El Jardín botánico de Medellín "Joaquín Antonio Uribe" es un jardín botánico de unas 14 hectáreas de extensión, ubicado en la ciudad colombiana de Medellín, cuenta con una importante colección de Orquídeas preservadas en el orquideorama. Tiene la condición de ser centro de cultura y educación ambiental, de enorme riqueza florística con más de 1.000 especies vivas y 4.500 individuos.

Hoy día convertido en un sorprendente y apasionante monumento a la naturaleza, transformado también en 2007 en joya arquitectura, este lugar data del siglo XIX, cuando sólo existía allí la llamada Casa de Baños el Edén, un restaurante familiar tipo estadero. Posteriormente, a principios del siglo XX se llamó sucesivamente Bosque Centenario de la Independencia y posteriormente sólo El Bosque, apelativo con el cual duró más de 50 años, al igual que sus instalaciones tradicionales, un gran lago central con navegación en canoa‏‎ de remos, paseos en burro y naturalmente algunas especies Botánicas.

Adquirió el nombre de Jardín Botánico Joaquín Antonio Uribe en el año de 1972, cuando sus instalaciones se ampliaron para dotarlo del orquideorama inicial, una colección mucho más amplia de especies vegetales, auditorio, biblioteca, museos y zona de comidas más amplias para los visitantes.

Pese a que durante muchos años el Jardín no fue objeto de suficientes cuidados por parte de la administración, dada la importancia que han adquirido los recursos naturales y la ecología, hoy día se encuentra perfectamente renovado y modernizado, forma parte del conjunto de equipamientos urbanos de la zona norte de Medellín junto con el Parque Norte, el Planetario, el Parque Explora y el Parque de los deseos, y es así como con el lento paso de los decenios ha llegado a convertirse, de un pequeño lugar que fuese en el siglo XIX, en uno de los más bellos sitios de Antioquia, el país y el mundo dedicados a la botánica.

Sus colecciones de especies y especialmente de flores son destacadas en el país y meca de la flor nacional de Colombia, la orquídea.

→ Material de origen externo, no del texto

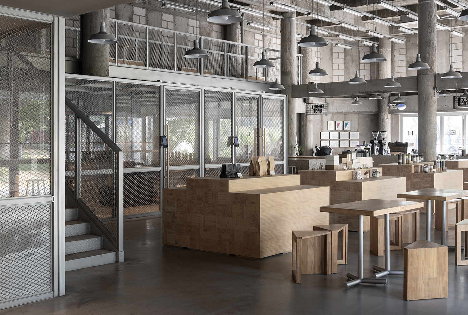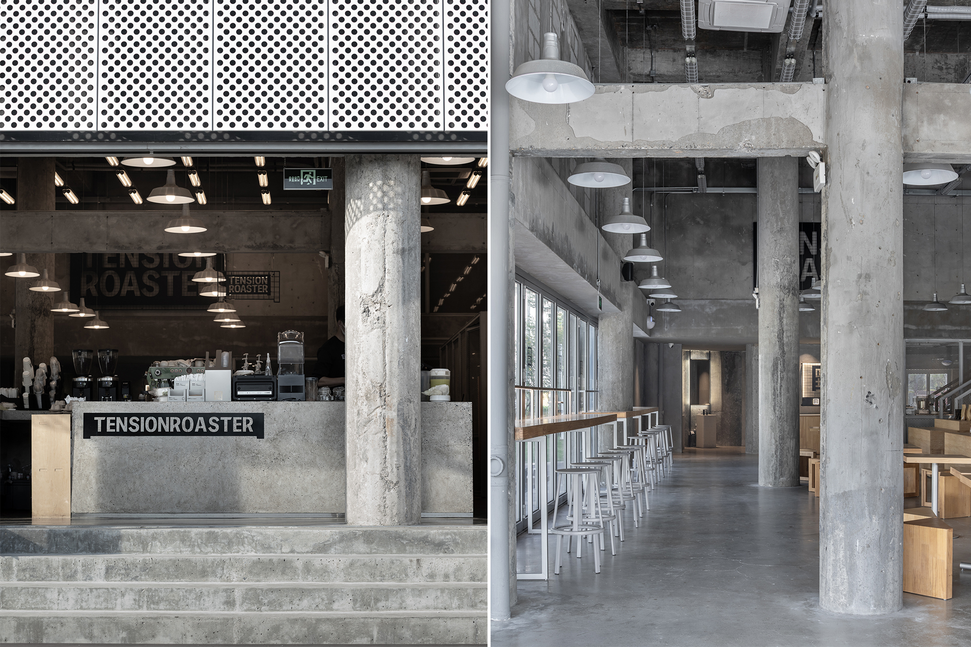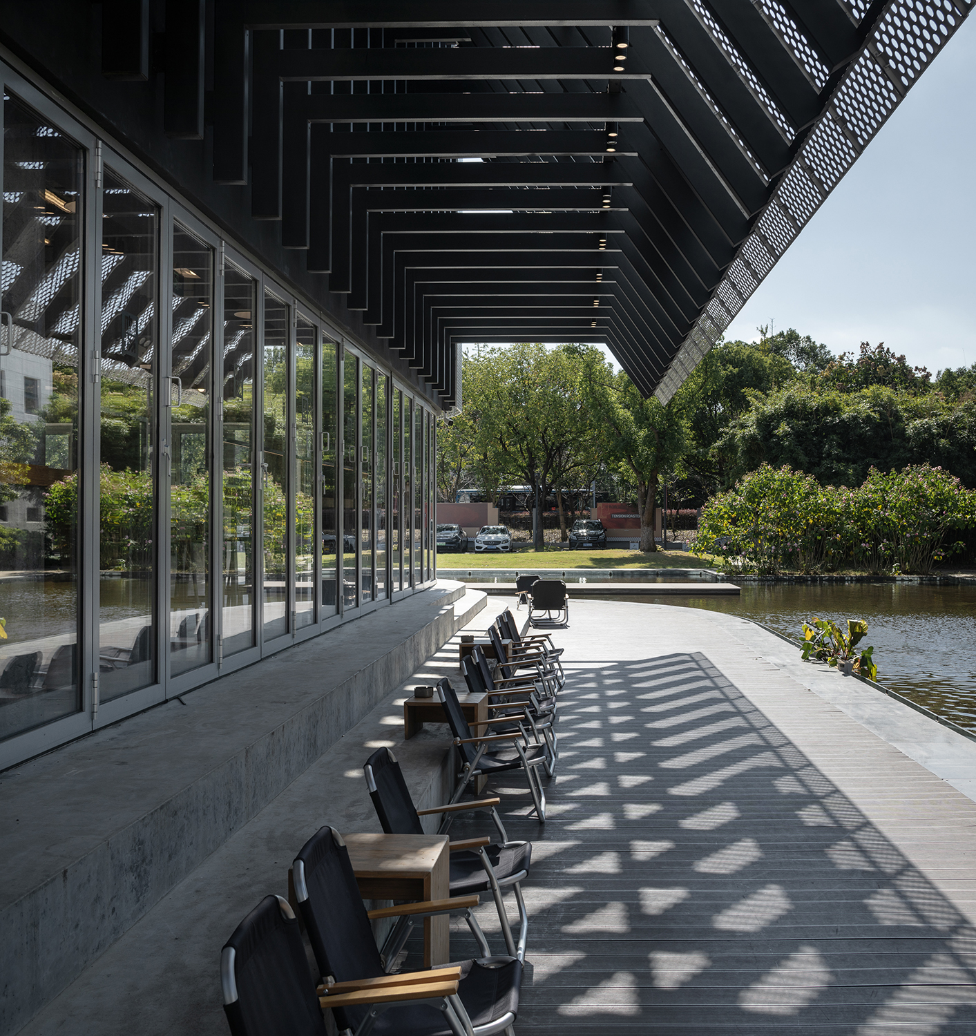 大面积的玻璃折叠门除了引入充足的自然光线,让室内外空间相互渗透融合,水池、外摆平台、檐下空间、点单区、内用区、咖啡烘焙区,空间关系由开放层层递进到私密、满足不同人群的社交需求。

Además de los turistas y locales que permanentemente lo visitan, el Jardín, su Orquideorama y sus variadas colecciones de especies, cuentan con todo un grupo de Mecenas‏‎ y patrocinadores amigos de la naturaleza, la ecología, las ciencias botánicas y biológicas y, además, del turismo, actividad en la cual la ciudad está empeñada.

Historia[editar]

Los Baños El Edén[editar]

A finales del siglo XIX se inicia la historia del Jardín Botánico de Medellín, cuando los terrenos que hoy ocupa comenzaron a tener vocación recreativa, en lo que entonces era conocido como la Casa de Baños El Edén. La finca era propiedad de don Víctor Arando y luego de las hermanas Emilia y Mercedes Arango P., “solteras, mayores de edad y vecinas de este distrito”, como está consignado en una escritura pública.

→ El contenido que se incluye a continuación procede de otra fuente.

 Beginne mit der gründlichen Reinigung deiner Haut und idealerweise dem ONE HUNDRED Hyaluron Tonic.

Medellín contaba en aquel tiempo con 40.000 habitantes, y la finca era arrendada a familias que disfrutaban de los baños y que además saboreaban las delicias de la gastronomía popular que se ofrecía en el lugar. Era una especie de “estadero”, parecido a los de hoy, reconocido como centro de sano esparcimiento gracias al cuidado de las señoritas Arango, donde las familias que llegaban en tranvía, a caballo o en carreta pasaban el rato en los baños, mientras comían los platos típicos de la región. Un documento de la Biblioteca del actual Jardín Botánico cuenta que “iban los señores de la Villa en coche o a caballo por el camellón de Bolívar o por la carretera del norte, a tomarse sus copetines con mujeres hermosas y generosas, conversar, hacer negocios y concertar alianzas matrimoniales”.

Comenzó a decaer El Edén cuando se prolongó la ruta del tranvía hasta Bermejal, donde se crearon establecimientos que llamaron más la atención de los anteriores clientes de la casa de baños. Para entonces, ya se empezaba a gestar una nueva etapa en la historia de este terreno.

Bosque de la Independencia[editar]

A comienzos del siglo XX, se acercaba el primer centenario de la Independencia de Antioquia, por lo cual las organizaciones civiles y estatales más destacadas, encabezaron la conmemoración de la fecha para que fuera inolvidable. Luego de muchos trámites y consideraciones, sumados a otros acontecimientos que también marcaron el aniversario, la Junta Organizadora de la Celebración del Centenario y la Sociedad de Mejoras Públicas de Medellín logran que el gobierno nacional - en ese momento Carlos E. Restrepo era Presidente de la República- dé un auxilio de $15.000, de los cuales $5.000 son destinados a los gastos de celebración y $10.000 se trasladan a la Sociedad de Mejoras Públicas para la compra del terreno en el que se crearía un nuevo bosque para Medellín.

Luego, Ricardo Greffestein, Presidente de la Sociedad, inició la búsqueda de un lote adecuado para realizar el proyecto. Después de considerar varias opciones, determinó que el sitio ideal era la finca El Edén, por su extensión y por sus abundantes aguas propias. Pronto se hizo la negociación con las hermanas Arango.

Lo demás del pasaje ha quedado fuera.